Single by Blanco

from the album Ma'
- Released: 20 June 2025
- Genre: Pop punk
- Length: 2:35
- Label: EMI; Universal;
- Composer: Michelangelo
- Lyricists: Riccardo Fabbriconi; Alessandro Raina; Davide Simonetta;
- Producer: Michelangelo

Blanco singles chronology
| "Piangere a 90" (2025) | "Maledetta rabbia" (2025) | "Attacchi di panico" (2025) |

Music video
- "Maledetta rabbia" on YouTube

= Maledetta rabbia =

2025 song by Blanco

"Maledetta rabbia" is a song by Italian singer-songwriter Blanco. It was written by the artist together with Alessandro Raina, Davide Simonetta, and Michelangelo, and was released on 20 June 2025 through EMI and Universal as the second single from the third studio album Ma'.

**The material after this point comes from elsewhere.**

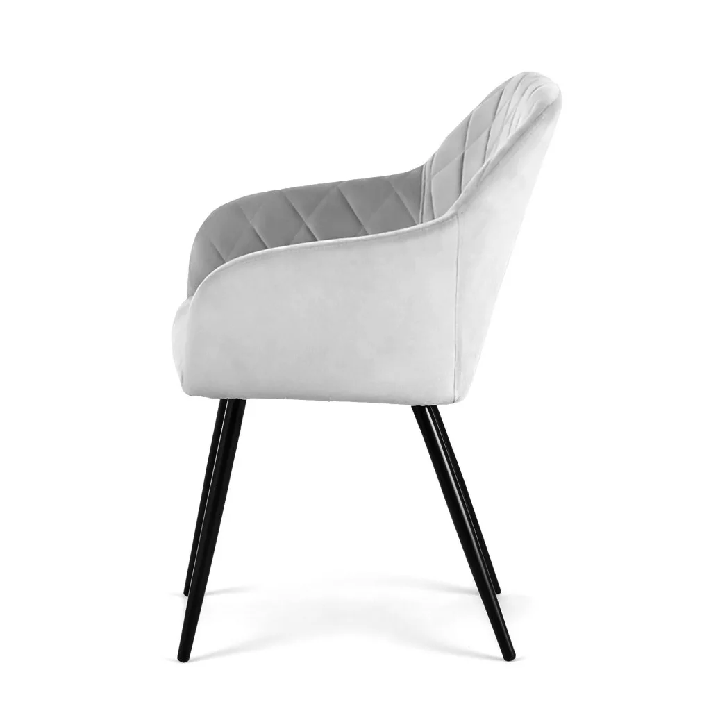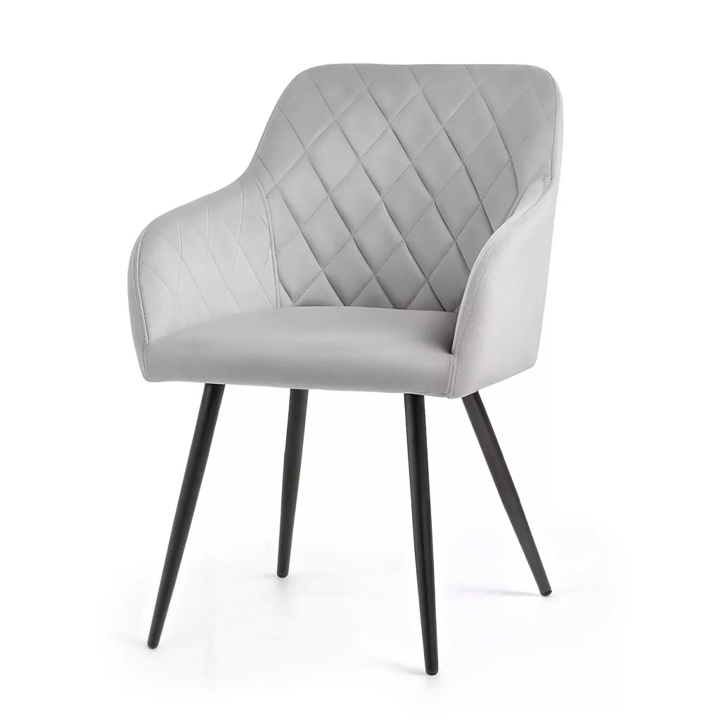 Elegáns, rombusz mintával steppelt welúr székek modern és klasszikus enteriőrökbe. A puha tapéta és a stabil fém lábak tökéletes kombinációja a kényelemnek és a stílusnak.
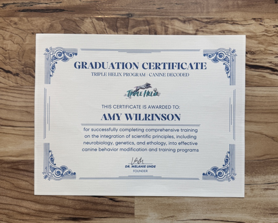 Learning never ends with dogs, thanks to the technology available today I have had the opportunity to work and troubleshoot with trainers across the world. I have attended seminars both in person and online with some of the top trainers in all different fields including behavior modification, competitive obedience, canine cognition, detection, bitework, tracking and more. I have my canine first aid, certified through the Certification Council for Professional Dog Trainers, and have completed multiple courses as well.

The song peaked at number 18 on the Italian singles chart.

==Music video==
A music video to accompany the release of "Maledetta rabbia", directed by Francesco Lorusso, was released via YouTube on the same day.

==Charts==

Weekly chart performance for "Maledetta rabbia"
| Chart (2025) | Peak position |
|---|---|
| Italy (FIMI) | 18 |
| Italy Airplay (EarOne) | 1 |

== Certifications ==

Certifications for "Maledetta rabbia"
| Region | Certification | Certified units/sales |
| Italy (FIMI) | Gold | 100,000^{‡} |
^{‡} Sales+streaming figures based on certification alone.